Great Britain Limited

Assets:


(Population. Education Morale) i.e. Human potential

Policy

Organization

Natural Resources

Developed Power

Plant (Railways, Buildings, Tools, etc.)

Public Services

Goodwill (Tradition, reputation etc.)

Work in Progress

Consumable Goods

Liabilities:

National Debt

Bankers (Potential creators of effective demand)

Insurance Companies (Mortgage and Bondholders)

Cash at Call

Taxation for Public Services

Notice that cash is a liability, so the amount of credit created by the current banking system is based on a liability, not on the assets of the nation. However; the amount of credit created should be based on the real credit of the community, which is reflected in the nation's assets.

"We know quite well that the core of this problem is in the disparity between the real wealth available and the monetization of that wealth; that it is within the power of monetization of real wealth that this power of credit lies." (C.H. Douglas, Testimony before the Alberta Agricultural Commission)

The power of credit creation, or the monetization or wealth, has been appropriated by a monopoly of credit - the banking system - which is a body of unelected people responsible solely to their shareholders, and who have been centralizing their power since the creation of the Bank of England in 1694. This centralization process continued with the creation of Central banks around the world including the Federal Reserve Bank in 1913, the Bank of Canada in 1934, and culminating with supranational banks like the IMF and World Bank, which were created in 1944. Not only is the basis of our current money system fundamentally flawed because it is not based on the real credit of the community, but the system itself has become a form of government which has been centralizing its power to the point of being above any national power.
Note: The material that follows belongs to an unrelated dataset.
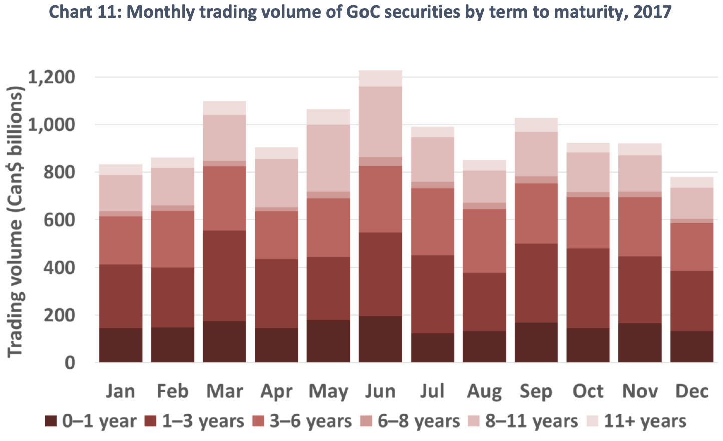 Chart 11: Monthly trading volume of Government of Canada bonds by tenor

Therefore; the real government is not the one that is elected by ballot box every few years, but is a centralized body of unelected officials which dictate monetary policy from organizations which are beyond any national law.

Saturday 21 April 2007

Systems and Social Credit

By: Socred - B.A., SCMP

C.H. Douglas claims that the self-development of man is above all systems. Therefore; any economic, political, or theological system which does not allow individuals the freedom to express themselves in a manner leading to self-development is tyrannical. Douglas believed that there exists three alternative polices for an economic system:

"In regard to (a) the policy of the world economic system amounts to a philosophy of life. There are really only three alternative policies in respect to a world economic organisation: The first is that the end in itself for which man exists. The second is that while not an end in itself, it is the most powerful means of constraining the individual to do things he does not want to do; e.g., it is system of government. This implies a fixed ideal of what the world ought to be. And the third is that the economic activity is simply a functional activity of men and women in the world; that the end of man, while unknown, is something towards which most rapid progress is made by the free expansion of individuality, and that, therefore, economic organisation is most efficient when it most easily and rapidly supplies economic wants without encroaching on other functional activities." (C.H. Douglas, "Warning Democracy")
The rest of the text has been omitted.